United States District Court, D. Massachusetts

July 16, 2019

CITY OF EVERETT, et al., Defendants.



         On June 6, 2019, pro se plaintiff Stephen Stoute, a resident of East Boston, filed a civil rights complaint naming as defendants the City of Everett; the Chief of Police and several police officers for the Everett Police Department; the Registrar for the Massachusetts Registry of Motor Vehicles; a clerk-magistrate for the Malden District Court; and the City of Malden. See Docket No. 1. Plaintiff alleges violation of 18 U.S.C. § 241 (conspiracy against rights), as well as violations of his constitutional rights. Id.

         With the complaint, Stoute filed a motion for leave to proceed in forma pauperis. See Docket No. 2. On June 19, 2019, he filed a motion to appoint counsel. See Docket No. 3.

         I. Relevant Background

         The following facts are based on the allegations in the complaint and are assumed to be true for purposes of this decision. On June 8, 2018, plaintiff was driving on Revere Beach Parkway. An Everett police officer began to follow plaintiff, and after pulling over asked plaintiff “What did you hide?” When plaintiff asked what was wrong, the police officer claimed that plaintiff ran a red light. The officer had his hand on his gun when he asked plaintiff for his license and registration. Out of concern for his safety, plaintiff provided the officer with his license and registration. A second officer arrived. Despite plaintiff's objections, his car was searched. Additional officers arrived and, while laughing, informed plaintiff that they did not need a warrant to search his car. Nothing was found in plaintiff's car and the officer issued a citation for running a red light.

         Plaintiff subsequently filed a complaint with the civil rights division of the Massachusetts Attorney General's office. As of December 2018, the Attorney General had not taken any action on plaintiff's complaint.

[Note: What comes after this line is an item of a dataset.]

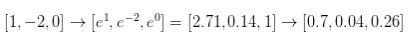 举个例子,假设3个分类的原始分数是[1, -2, 0],那么softmax函数就会计算:

         On September 6, 2018, plaintiff appeared before Magistrate Judge Hogan at the Malden District Court concerning the June 10, 2018 citation. Plaintiff alleges that Hogan advised plaintiff that he is charged with running a stop light but that he failed to state whether the proceeding was civil or criminal. Lt. Ditrapano appeared at the hearing and stated that he represented the Everett Police Department. Hogan and Ditrapano laughed at plaintiff and Hogan refused to provide his full name to plaintiff. Plaintiff argued that the citation was defective because the issuing officer's name was missing from the citation. Plaintiff argued that there was no injured party. Hogan told plaintiff that he has 20 days to pay the citation or lose the right to operate a motor vehicle.

         Plaintiff eventually paid the $105 Everett citation.

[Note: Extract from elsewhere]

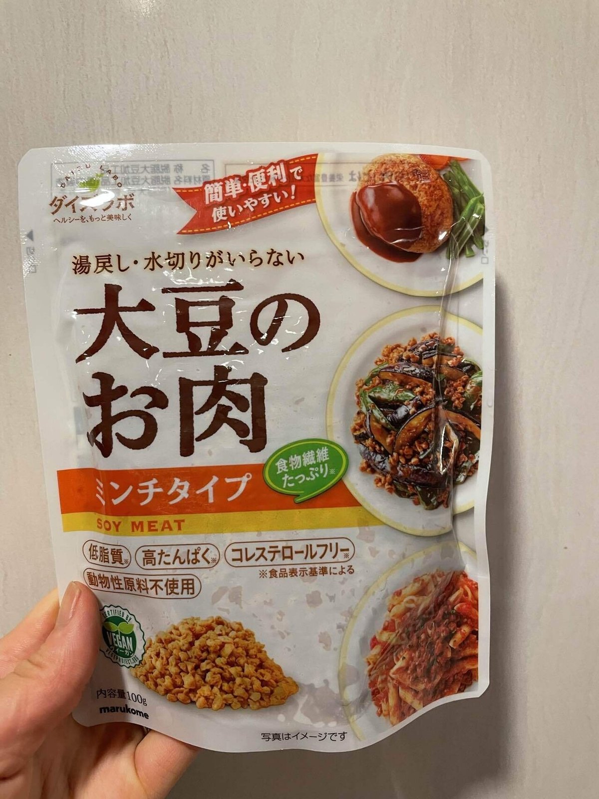マミ ハチ公大豆ミートの麻婆豆腐🫶 スーパーで売ってるもどしてある大豆ミートは使いやすい✨ 細かい椎茸入れると味にボリュームでるかも✨ベジタリアン大豆ミート麻婆豆腐Instagram。

         A few months later, on November 29, 2018, plaintiff was driving in Andover with his interior lights on in order to read a map. A police officer began to follow plaintiff and put on his flasher. Plaintiff pulled over. After 15 minutes, the police officer approached plaintiff's car. The officer had his hand on his gun, and out of concern of life, plaintiff was forced to do business with the officer. The officer took plaintiff's license and registration to the police cruiser. When the officer returned, he issued a citation for driving with a suspended license. Plaintiff was not permitted to drive his car and was left stranded in Andover. Plaintiff later recovered his car from Andover.

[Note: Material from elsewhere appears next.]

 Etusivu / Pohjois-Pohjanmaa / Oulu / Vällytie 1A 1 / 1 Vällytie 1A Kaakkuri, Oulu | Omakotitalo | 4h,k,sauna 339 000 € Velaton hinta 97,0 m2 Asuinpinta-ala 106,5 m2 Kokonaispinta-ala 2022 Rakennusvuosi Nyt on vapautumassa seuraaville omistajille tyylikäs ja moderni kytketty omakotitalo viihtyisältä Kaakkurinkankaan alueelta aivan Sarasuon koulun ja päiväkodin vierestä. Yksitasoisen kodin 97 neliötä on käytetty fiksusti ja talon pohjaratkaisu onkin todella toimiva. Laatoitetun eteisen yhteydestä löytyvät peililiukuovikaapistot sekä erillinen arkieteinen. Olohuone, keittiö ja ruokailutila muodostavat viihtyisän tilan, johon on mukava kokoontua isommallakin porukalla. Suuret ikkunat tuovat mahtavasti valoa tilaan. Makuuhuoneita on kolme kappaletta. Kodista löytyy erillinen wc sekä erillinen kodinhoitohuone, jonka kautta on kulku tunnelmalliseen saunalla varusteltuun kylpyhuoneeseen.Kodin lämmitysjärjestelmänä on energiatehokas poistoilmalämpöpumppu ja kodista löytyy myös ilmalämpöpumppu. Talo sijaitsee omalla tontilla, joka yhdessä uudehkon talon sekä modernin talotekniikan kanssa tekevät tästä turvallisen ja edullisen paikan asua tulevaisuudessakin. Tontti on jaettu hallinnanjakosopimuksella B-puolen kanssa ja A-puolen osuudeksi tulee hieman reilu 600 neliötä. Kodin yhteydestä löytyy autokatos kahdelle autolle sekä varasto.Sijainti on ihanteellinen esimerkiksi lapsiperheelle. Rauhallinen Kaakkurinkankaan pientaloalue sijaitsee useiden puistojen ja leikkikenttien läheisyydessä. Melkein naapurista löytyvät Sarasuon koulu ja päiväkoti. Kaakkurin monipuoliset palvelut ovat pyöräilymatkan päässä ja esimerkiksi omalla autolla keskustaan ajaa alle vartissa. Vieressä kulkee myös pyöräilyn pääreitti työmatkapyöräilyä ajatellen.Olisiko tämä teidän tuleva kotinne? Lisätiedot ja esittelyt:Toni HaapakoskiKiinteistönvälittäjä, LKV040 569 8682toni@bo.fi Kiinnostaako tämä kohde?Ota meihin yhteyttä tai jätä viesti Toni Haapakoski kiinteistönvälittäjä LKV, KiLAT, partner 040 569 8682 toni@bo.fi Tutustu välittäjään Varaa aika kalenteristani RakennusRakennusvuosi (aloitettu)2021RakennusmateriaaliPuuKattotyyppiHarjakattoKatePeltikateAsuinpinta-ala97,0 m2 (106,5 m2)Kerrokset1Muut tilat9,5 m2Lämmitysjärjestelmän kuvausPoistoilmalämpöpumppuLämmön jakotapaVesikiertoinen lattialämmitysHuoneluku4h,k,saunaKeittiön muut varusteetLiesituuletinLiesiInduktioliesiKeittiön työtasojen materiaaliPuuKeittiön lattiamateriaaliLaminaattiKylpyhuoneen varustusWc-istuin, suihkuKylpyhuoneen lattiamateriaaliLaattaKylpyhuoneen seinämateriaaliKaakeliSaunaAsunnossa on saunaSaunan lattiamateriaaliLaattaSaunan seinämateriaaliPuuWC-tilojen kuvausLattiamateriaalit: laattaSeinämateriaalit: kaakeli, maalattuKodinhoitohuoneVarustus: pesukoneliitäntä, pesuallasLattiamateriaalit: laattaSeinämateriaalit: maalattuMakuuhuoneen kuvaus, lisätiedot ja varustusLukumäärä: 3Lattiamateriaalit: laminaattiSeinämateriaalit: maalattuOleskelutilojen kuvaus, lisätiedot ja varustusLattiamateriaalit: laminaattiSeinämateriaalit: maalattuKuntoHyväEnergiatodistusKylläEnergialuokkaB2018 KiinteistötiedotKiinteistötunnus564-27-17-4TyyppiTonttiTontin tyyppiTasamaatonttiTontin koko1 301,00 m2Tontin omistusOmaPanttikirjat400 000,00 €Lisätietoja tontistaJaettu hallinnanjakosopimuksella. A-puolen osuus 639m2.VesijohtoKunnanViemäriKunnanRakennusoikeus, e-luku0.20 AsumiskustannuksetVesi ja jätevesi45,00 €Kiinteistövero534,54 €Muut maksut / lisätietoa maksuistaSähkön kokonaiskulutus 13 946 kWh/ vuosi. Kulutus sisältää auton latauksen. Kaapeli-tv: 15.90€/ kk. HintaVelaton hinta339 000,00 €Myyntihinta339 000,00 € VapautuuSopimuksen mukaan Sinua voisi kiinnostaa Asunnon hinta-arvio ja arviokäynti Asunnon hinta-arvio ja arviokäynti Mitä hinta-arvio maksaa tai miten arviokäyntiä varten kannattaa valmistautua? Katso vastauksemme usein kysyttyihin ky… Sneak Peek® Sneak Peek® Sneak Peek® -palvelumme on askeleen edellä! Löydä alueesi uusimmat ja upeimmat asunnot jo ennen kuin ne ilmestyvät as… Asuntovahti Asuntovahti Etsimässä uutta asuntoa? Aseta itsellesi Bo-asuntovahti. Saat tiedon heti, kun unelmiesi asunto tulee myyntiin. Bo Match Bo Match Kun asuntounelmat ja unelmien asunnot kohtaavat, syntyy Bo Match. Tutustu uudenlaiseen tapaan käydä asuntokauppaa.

         In an effort to have his RMV record corrected, plaintiff appeared at the Boston RMV office. The RMV clerk refused to provide plaintiff with her full name. In addition to having to pay the $55 late fee for the June 10, 2018 Everett citation, the clerk informed plaintiff that, because he was late in paying the Everett citation, he would also have to pay $100 to have his license reinstated.

         Plaintiff complains that the actions of the RMV caused plaintiff to be deprived of his liberty, right to travel freely and unhindered and subjected to false arrest and stranded in Andover. Plaintiff contends that he is unable to pay his insurance premium which subsequently “sky rocketed.”

         II. Motion for Leave to Proceed In Forma Pauperis

         Under 28 U.S.C. § 1915, a person seeking to proceed in forma pauperis must submit an affidavit that includes “a statement of all assets such [person] possesses that the person is unable to pay such fees or give security therefor.” 28 U.S.C. § 1915(a)(1). Stoute filed this statement using a form application provided by the Court. See Docket No. 2.

         The date on Stoute's application includes the month and year, but not the day that Stoute signed the application. Stoute indicates that he is unemployed, but he fails to disclose the date of his last employment, the amount of his salary or wages and the name and address of his last employer. Despite these failures, Stoute discloses that he owns no property and has $13.00. On this financial record, the court ...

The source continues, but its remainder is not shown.